With Eevi Gardens, Hans-Henning and Vipul make a variety of regional and exotic favorite flavors accessible and convertible.imagine a floor lamp that provides passive lighting for the home, putting the beauty of the plants in the spotlight and ensuring the well-being of the plants and residents through daylight quality. - This is Eevi. Automated watering cycles mean you don't have to worry about maintenance for up to 3 weeks. The realization of this project was a very important matter for both of them.

When selecting the materials and work processes, they paid attention to the highest standards and quality. In order to combine food and user safety with user-friendliness in a sustainable product, they experimented with a wide variety of materials - and therefore also machines. Above all, the 3D printers and almost 800 hours with Fusion ensured that the design didn't just remain an idea in their heads, but ended up in front of them as Eevi.

"The Distributed Design Residency has placed the topics of circular economy, sustainability and logistics at the center of our development and work processes. One of the guiding principles of distributed design in our own interpretation "let the design file travel, not the product" has become deeply rooted in our work. Production in the customer's region has become a central element in our business model and was already planned as part of the manufacturing process. Thanks to the large number of industrial machines required and their provision, Happylab has made professional implementation economically feasible in the first place. We know of no other place than Happylab that allows us to do this in this setting close to the city center - from concept to production to finishing."

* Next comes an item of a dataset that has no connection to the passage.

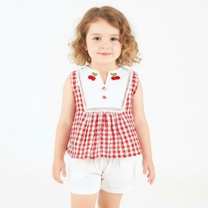 1185 red Girls Two Piece Check Cherry Embroidered Top & Shorts Set (1-4Y) Girls Two Piece Check Cherry E...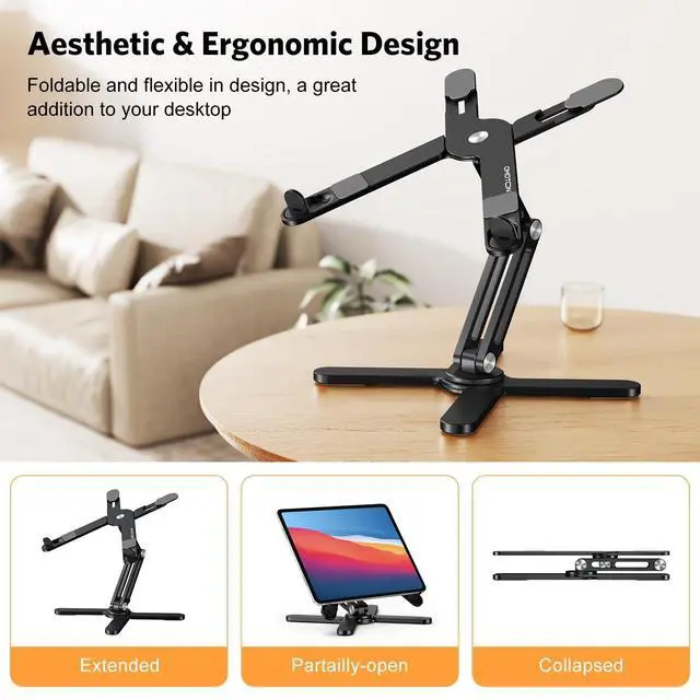 Warm Reminder: To ensure the safety of your device, please remove your laptop or tablet from the stand before adjusting the height or angle

In Katharina's master's project BRAIDED TEXTILES in Fashion&Technology at the University of Art and Design Linz, textile braids were produced on a radial braiding machine.

In the residency, she has now produced a braiding machine on a smaller scale, which makes it possible to create textile braids and experiment with different yarn materials. Based on the DIY 3D Printed Braiding Machine by Fraens, different textile fibers (sustainable natural and synthetic fibers as well as biomaterials) are used. These braids could be used as accessories (e.g. bracelets or necklaces) and in clothing.

In the Happylab, she mainly used the 3D printer to produce the individual components for the braiding machine. Well over 100 individual parts were printed with it. The laser cutter was also used to cut the base plates for the braiding process. She also found the Happylab store very practical for purchasing the necessary screws and other accessories directly. Once all the individual parts had been manufactured, the assembly could begin.

"Happylab really helped me with the consultation sessions. As I don't have a technical background myself, I found some of the steps involved in assembling and preparing the individual parts difficult. During the consultation sessions, I was shown and given suggestions for solutions to my project/problem within a very short space of time. The learning process was enormous. The discussions with the other participants were also great and gave me new perspectives on my own project."


Catalin has designed replifactory, a 3D-printed laboratory device for growing bacteria. It enables a variety of typical biological experiments to be carried out - including a morbidostat (keeping the stress level constant for the culture in order to adapt it to a stress - such as antibiotics or metals). A morbidostat is a very complicated laboratory device that needs to be operated and maintained by a technician, as existing designs have not been optimized.

Catalin has designed a version that is compact, easy to clean and inexpensive to build and has been developing it over the past few months. The result is an experimental evolution system - a kind of "fitness trainer for bacteria"

At Happylab, Catalin used the electronics workshop to solder circuit boards, the (metal) laser cutter and the CNC machines to develop components and devices for assembly.

"The Distributed Design Residency helped me develop my project by connecting me with a community of enthusiastic like-minded people. I had stimulating discussions with other makers and experts from different fields who come together at Happylab."